Versions Compared

Key

  • This line was added.
  • This line was removed.
  • Formatting was changed.

Table of Contents

Introduction

  • Initial Operation is performed after installation of JS7 Controller, Agent and JOC Cockpit, see JS7 - Initial Operation
  • In case there are issues while registering the Controllers then the Controller cannot orchestrate the job-related configuration to Agents. Also, the Controller is used for the execution of workflows that include jobs running on a number of Agents as switching of Agents during workflow execution is performed by the customer.

Troubleshooting

After registering the Controller its status can be checked from the JS7 - Dashboard. When registering a Controller a number of misconfigurations can occur.

Operations to register a Controller are performed from the JOC Cockpit page "Manage Controllers/Agents" that is available from the user menu in the right upper corner of the GUI. Administrative permissions are required to be able to see and to use this page.

User Errors

Same Controller is used as a Standalone Controller and as a member of a Controller Cluster

  • Problem: Assume that the JOC Cockpit uses a Controller registered as a Standalone Controller.
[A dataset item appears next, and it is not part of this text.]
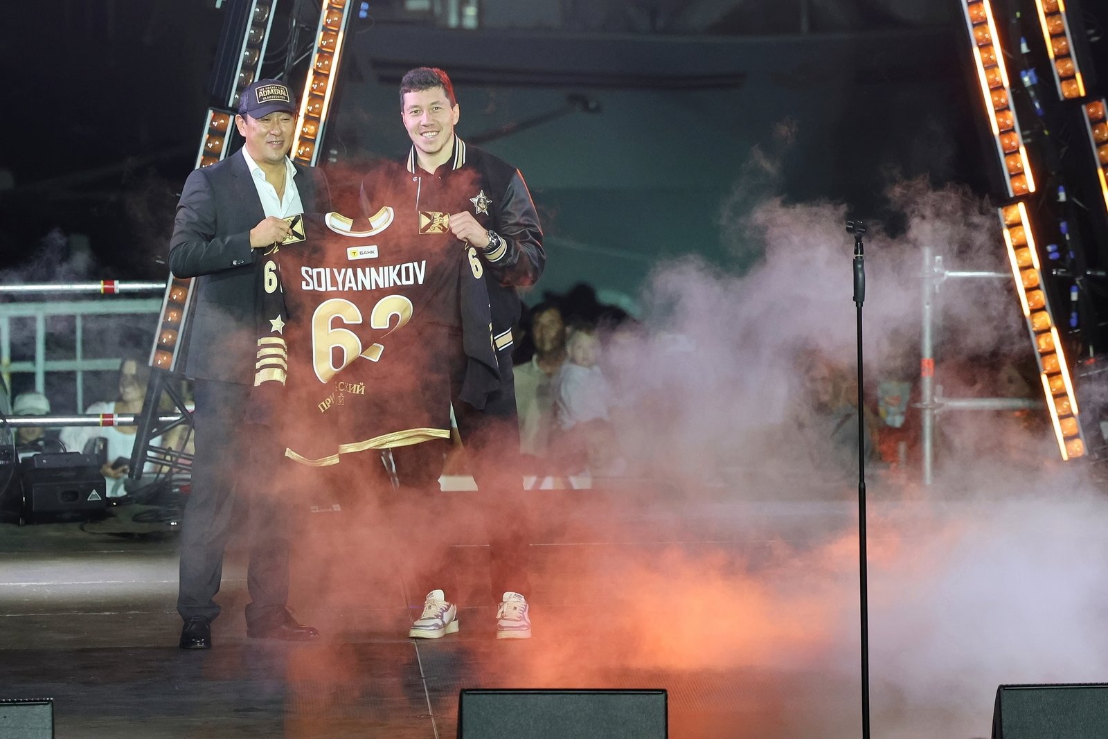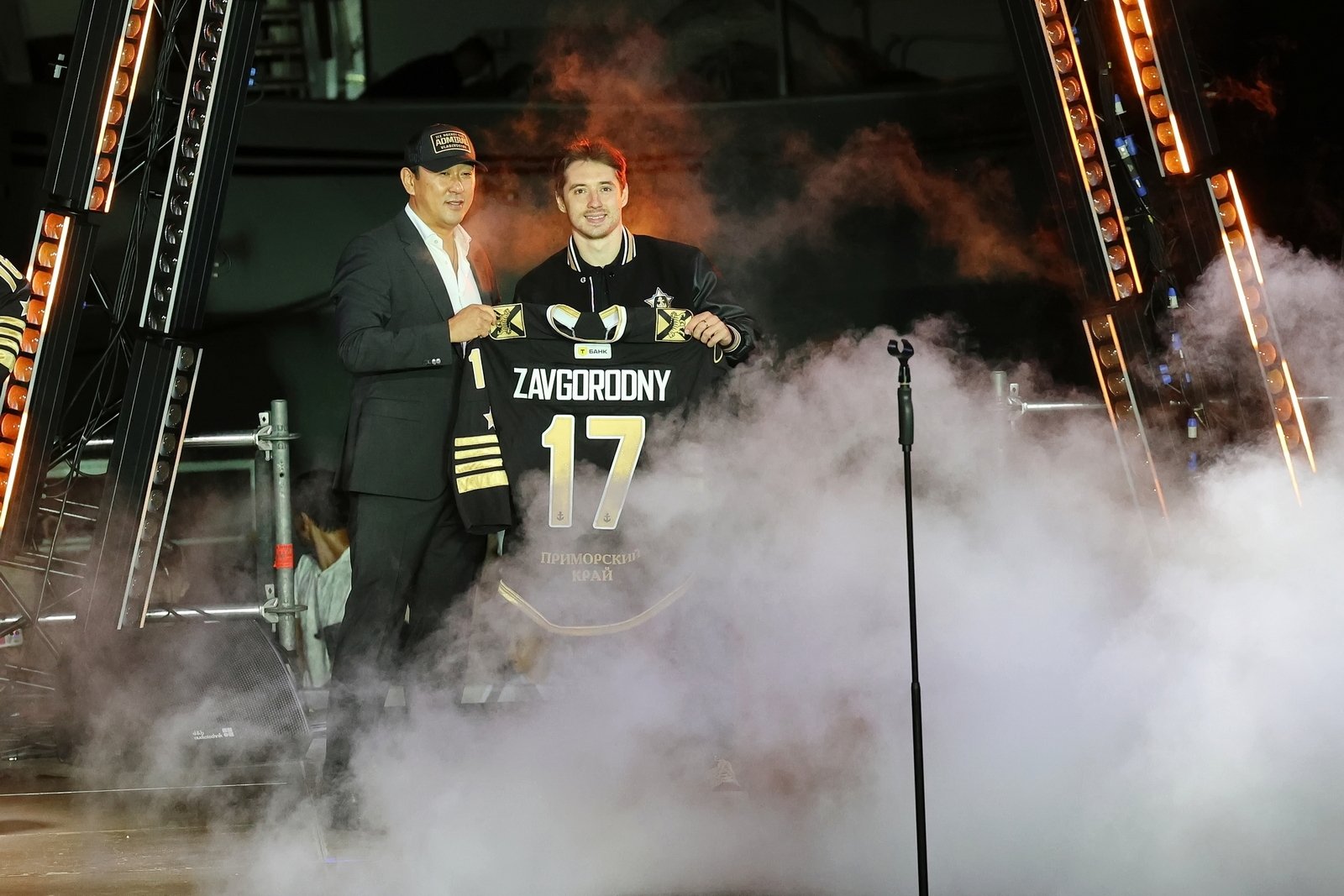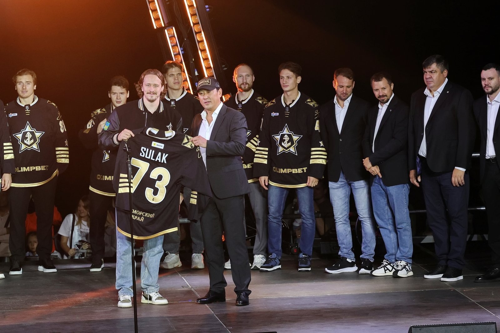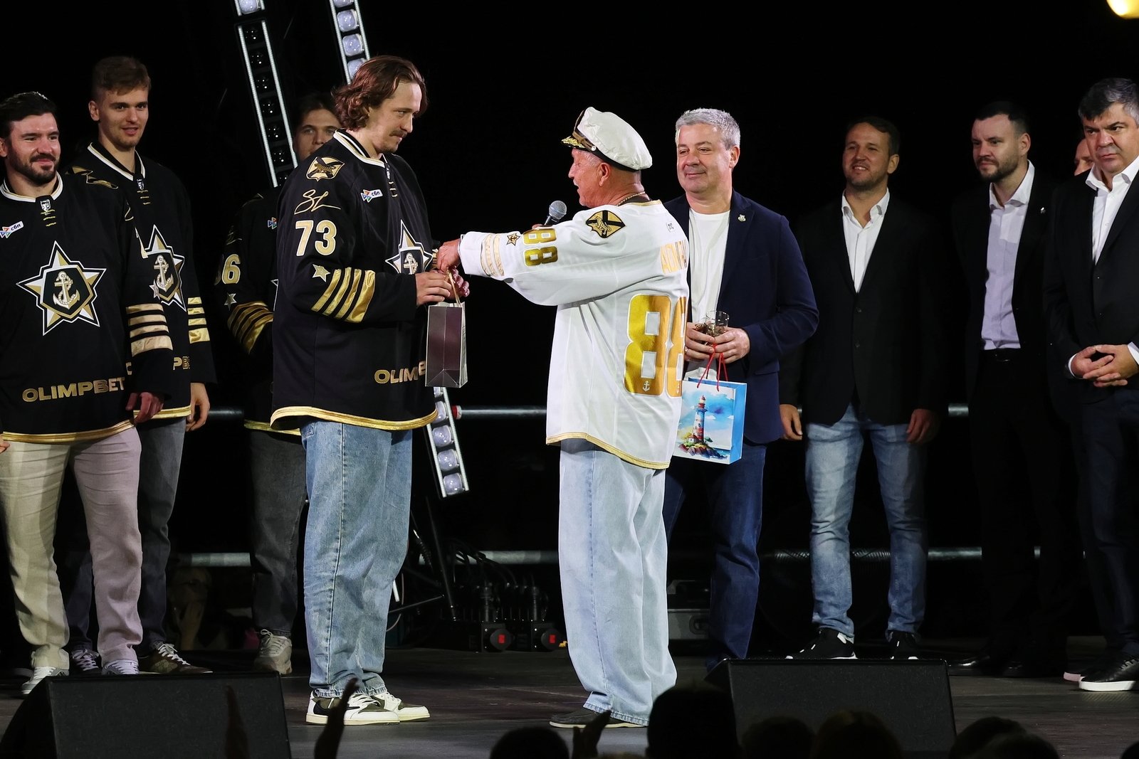 Затем состоялась церемония представления команды: каждый игрок, тренер и член персонала поднимался на сцену. Генеральный директор клуба Алексей Ан вручил хоккеистам именные игровые свитеры.
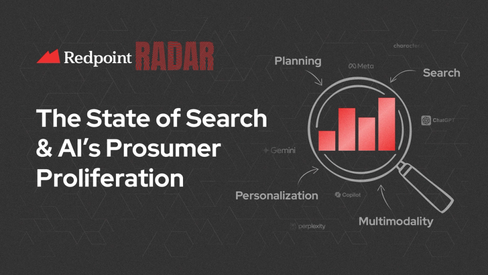 Yet consumers today (Team Redpoint included!) are begrudgingly awaiting this technicolor transformation, as they continue to rely upon traditional search engines in favor of their AI counterparts 2:1, prioritizing the certainty of the status quo over the creative potential of next gen apps.

If the same Controller is registered as a Controller Cluster member then the JOC Cockpit throws an error such as
    • JocObjectAlradyExistException: com.sos.joc.exceptions.JocObjectAlreadyExistException: Controller(s) with id 'controller' already exists 
    • This error message is available from the JOC Cockpit's log file too, e.g. from the JS7_JOC_DATA/logs/joc.log file, see JS7 - Log Files and Locations.
  • SolutionIt is not possible to register the same Controller twice, as a Standalone Controller and as a Controller cluster.

...

  • Check that you have a license key ready as the clustering for Controllers is available for a commercial license, see JS7 - License.
  • Verify that execution of workflows is completed with the Standalone Controller and that no orders are running.
  • Remove the Standalone Controller from the JOC Cockpit GUI.
  • Shutdown the Standalone Controller and remove the Controller's journal files in its JS7_OONTROLLER_DATA/state directory.
  • Follow the steps from the JS7 - Initial Operation for Controller Cluster article.
  • Redeploy the scheduling objects such as workflows from JOC Cockpit to the Controller Cluster.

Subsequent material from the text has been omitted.